• _Work instruction_:
The entries below contain pictures, which are to be left out; write out exactly, and only, the lines from the line with "11.右键复制foxit.p" up to and including the line with "Добрый вечер. Прогулялся".

• _Data for review_:
________________________
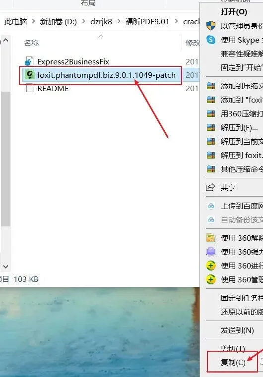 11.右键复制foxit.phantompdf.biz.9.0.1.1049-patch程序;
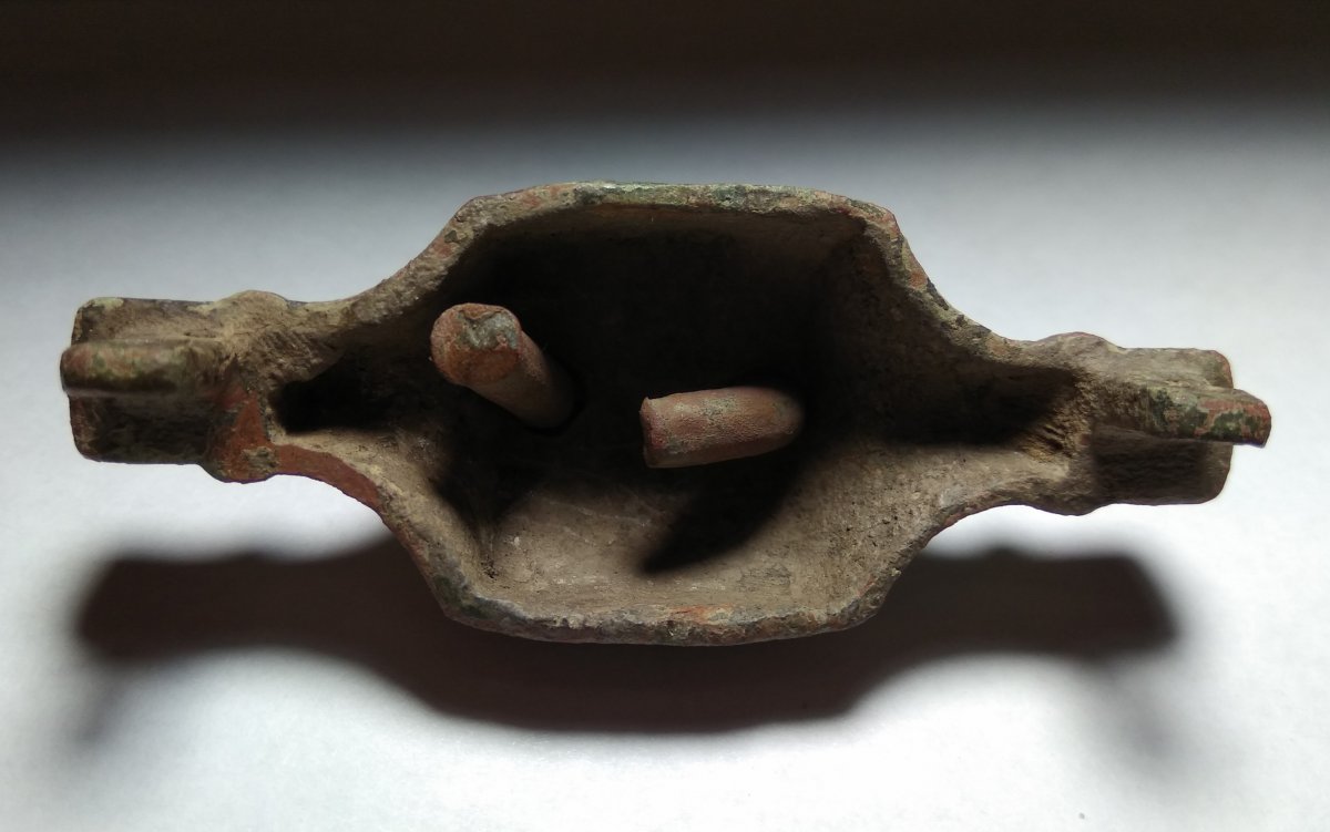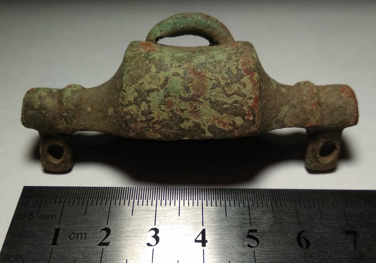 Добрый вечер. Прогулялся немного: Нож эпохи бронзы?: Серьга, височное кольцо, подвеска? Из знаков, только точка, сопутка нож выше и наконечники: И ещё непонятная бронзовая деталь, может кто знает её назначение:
________________________
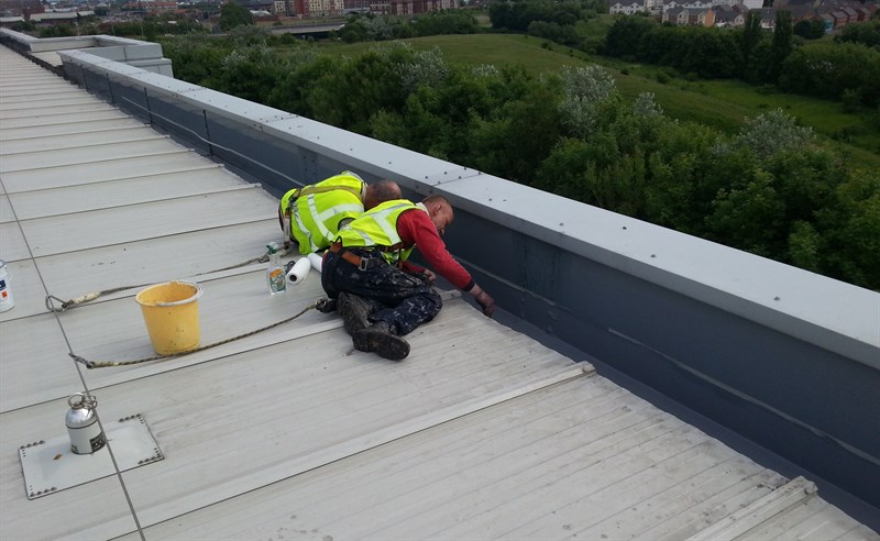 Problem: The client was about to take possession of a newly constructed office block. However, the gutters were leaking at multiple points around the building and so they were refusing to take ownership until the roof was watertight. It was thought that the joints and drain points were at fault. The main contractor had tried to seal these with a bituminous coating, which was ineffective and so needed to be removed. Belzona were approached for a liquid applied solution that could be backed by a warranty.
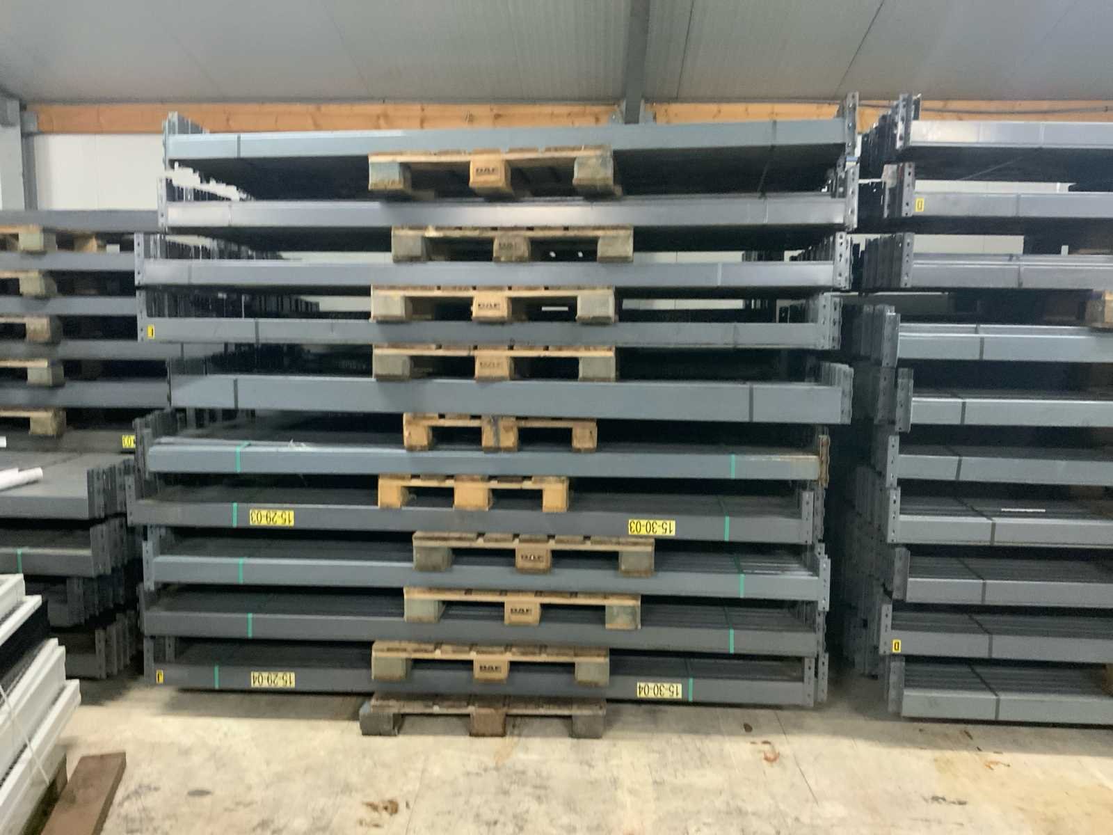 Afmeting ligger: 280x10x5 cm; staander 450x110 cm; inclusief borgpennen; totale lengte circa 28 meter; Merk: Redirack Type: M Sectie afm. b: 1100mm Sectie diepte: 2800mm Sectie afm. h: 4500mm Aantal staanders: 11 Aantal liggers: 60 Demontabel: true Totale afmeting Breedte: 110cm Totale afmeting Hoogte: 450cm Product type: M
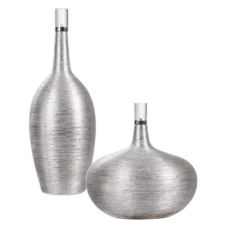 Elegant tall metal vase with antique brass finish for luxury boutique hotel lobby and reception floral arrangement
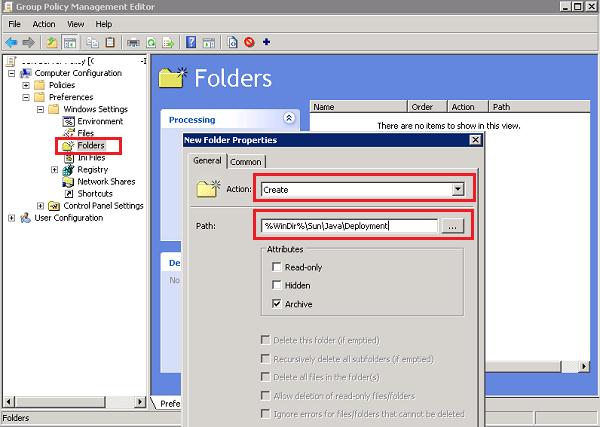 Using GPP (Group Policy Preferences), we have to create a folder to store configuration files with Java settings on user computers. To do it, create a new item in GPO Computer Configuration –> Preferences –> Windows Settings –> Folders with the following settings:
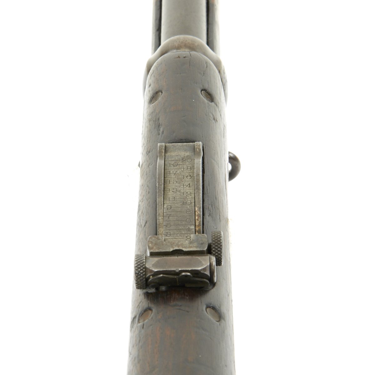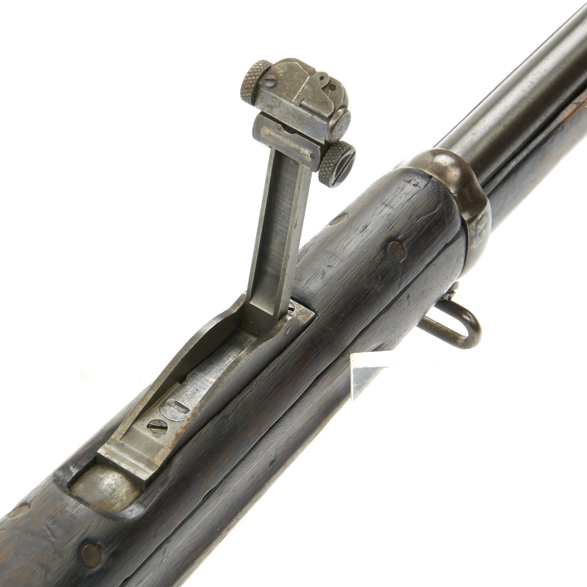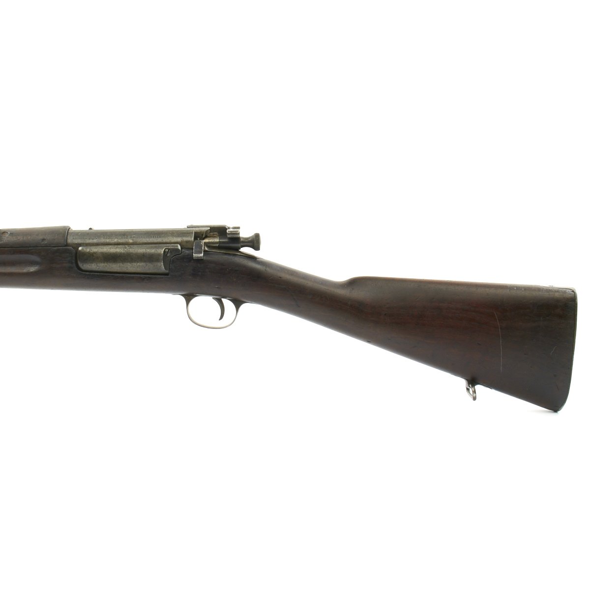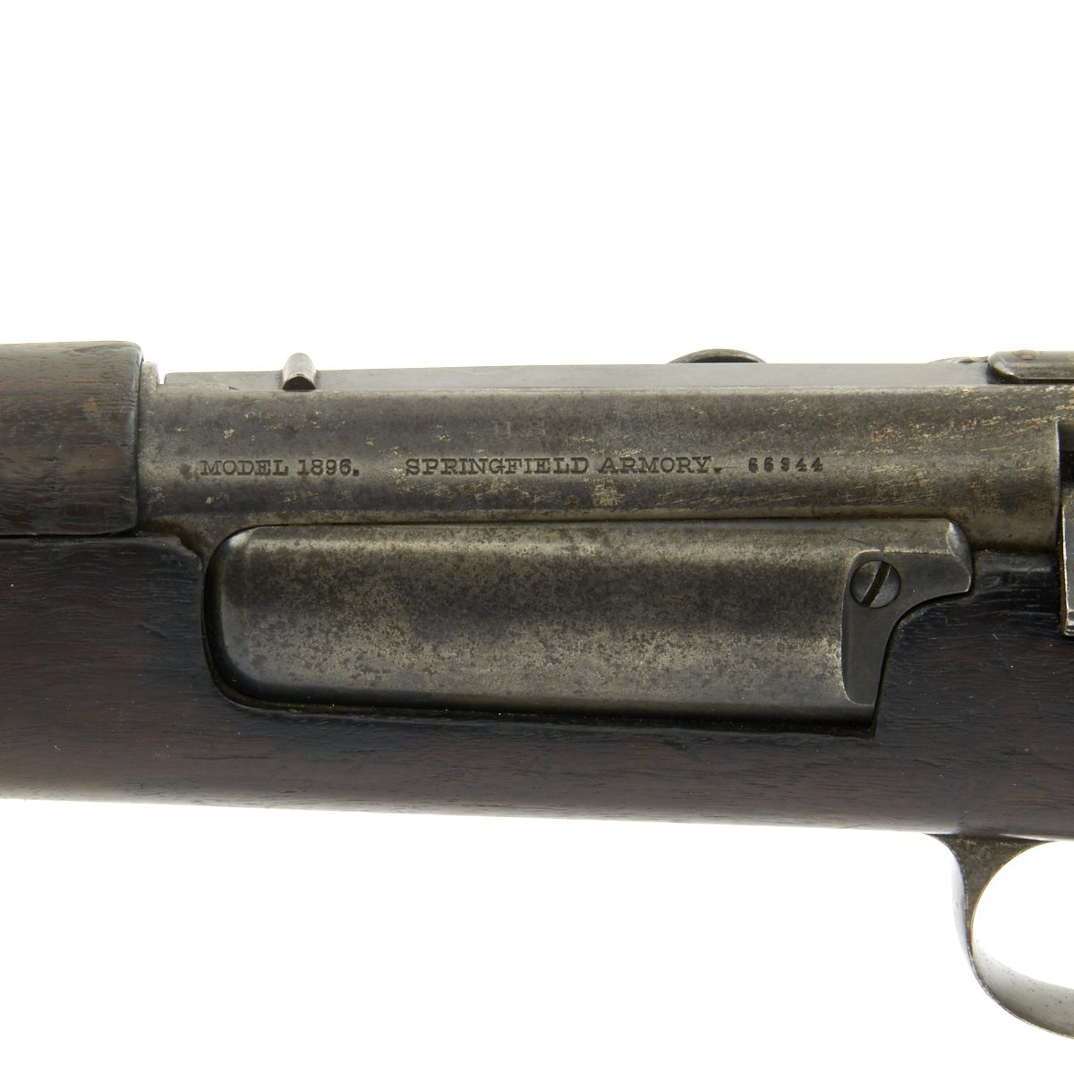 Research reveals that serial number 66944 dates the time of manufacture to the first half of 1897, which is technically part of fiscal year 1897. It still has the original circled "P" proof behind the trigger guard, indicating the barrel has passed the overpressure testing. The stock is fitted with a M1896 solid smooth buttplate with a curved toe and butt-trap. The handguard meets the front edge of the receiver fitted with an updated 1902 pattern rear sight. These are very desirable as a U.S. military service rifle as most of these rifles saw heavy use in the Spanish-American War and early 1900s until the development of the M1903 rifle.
________________________
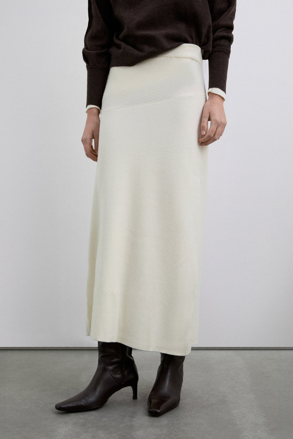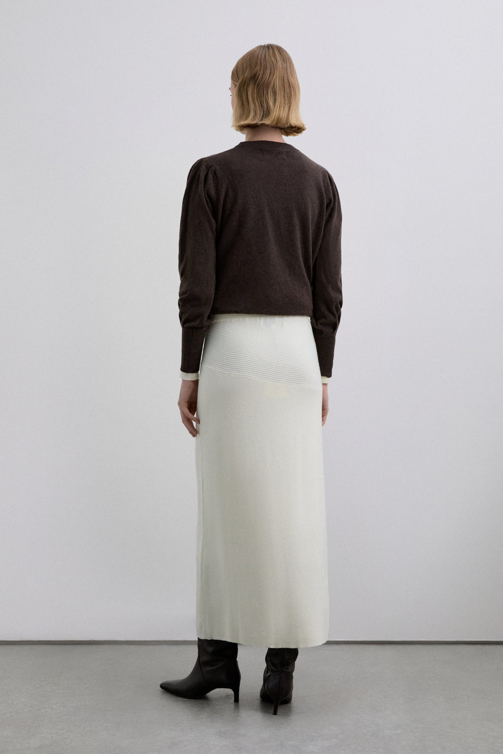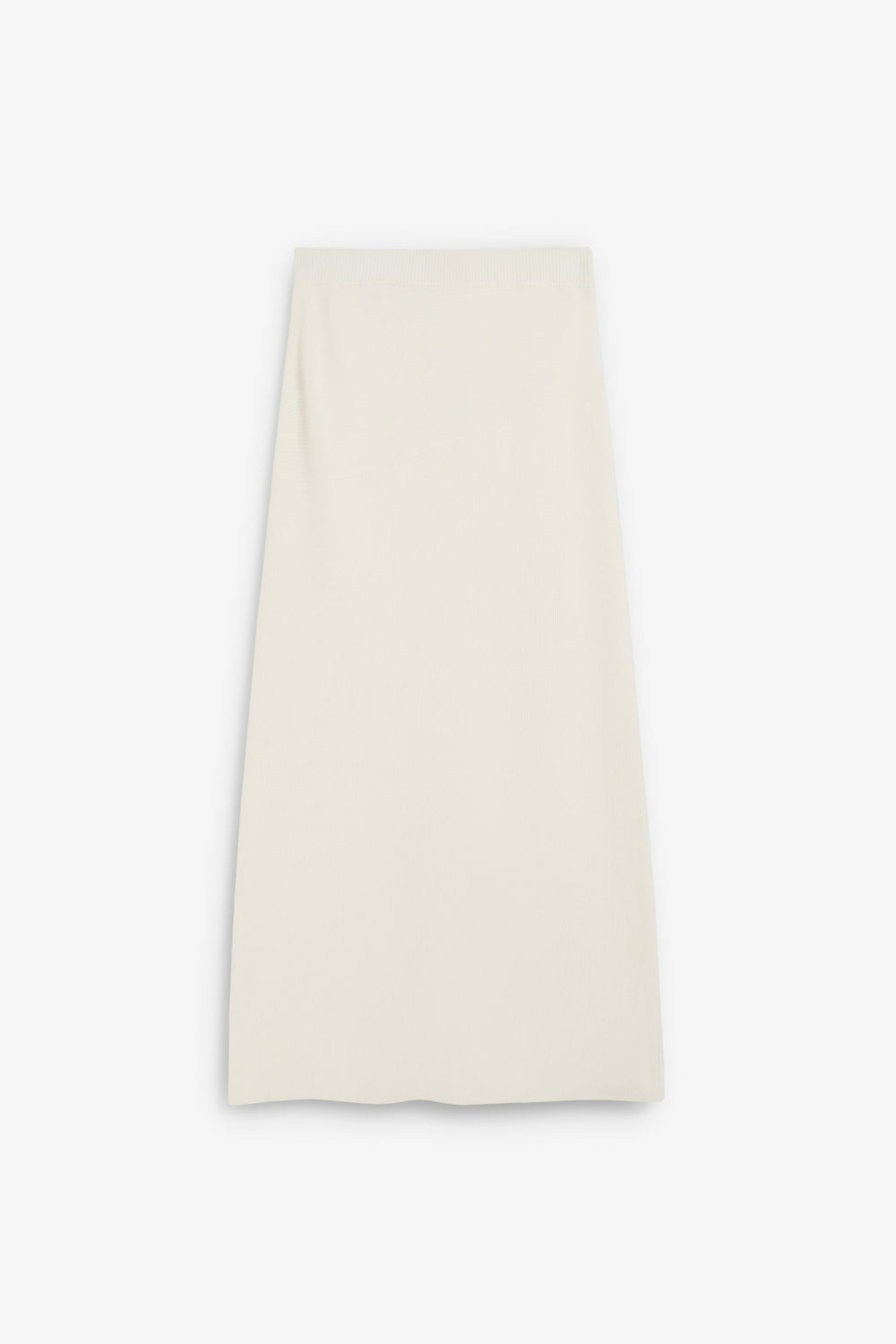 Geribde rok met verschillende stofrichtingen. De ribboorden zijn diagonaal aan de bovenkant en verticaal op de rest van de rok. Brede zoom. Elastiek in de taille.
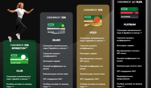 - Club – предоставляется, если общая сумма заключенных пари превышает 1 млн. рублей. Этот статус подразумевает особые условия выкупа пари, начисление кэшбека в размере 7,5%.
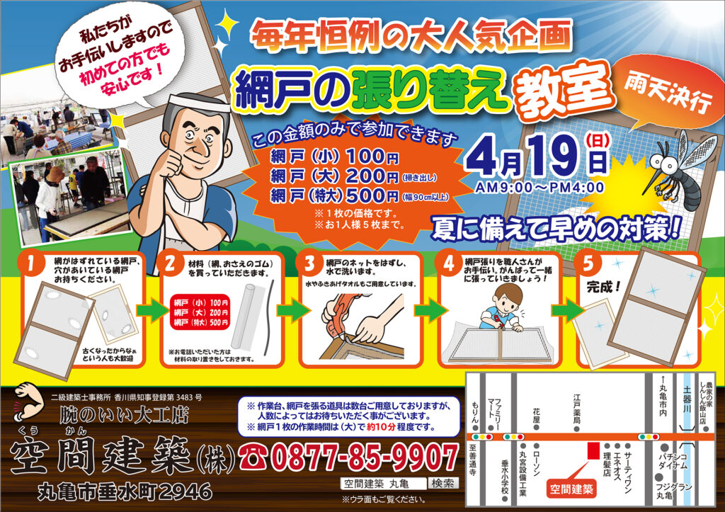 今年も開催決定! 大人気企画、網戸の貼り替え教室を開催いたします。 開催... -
________________________
• _The completed task_:
 11.右键复制foxit.phantompdf.biz.9.0.1.1049-patch程序;
 Добрый вечер. Прогулялся немного: Нож эпохи бронзы?: Серьга, височное кольцо, подвеска? Из знаков, только точка, сопутка нож выше и наконечники: И ещё непонятная бронзовая деталь, может кто знает её назначение:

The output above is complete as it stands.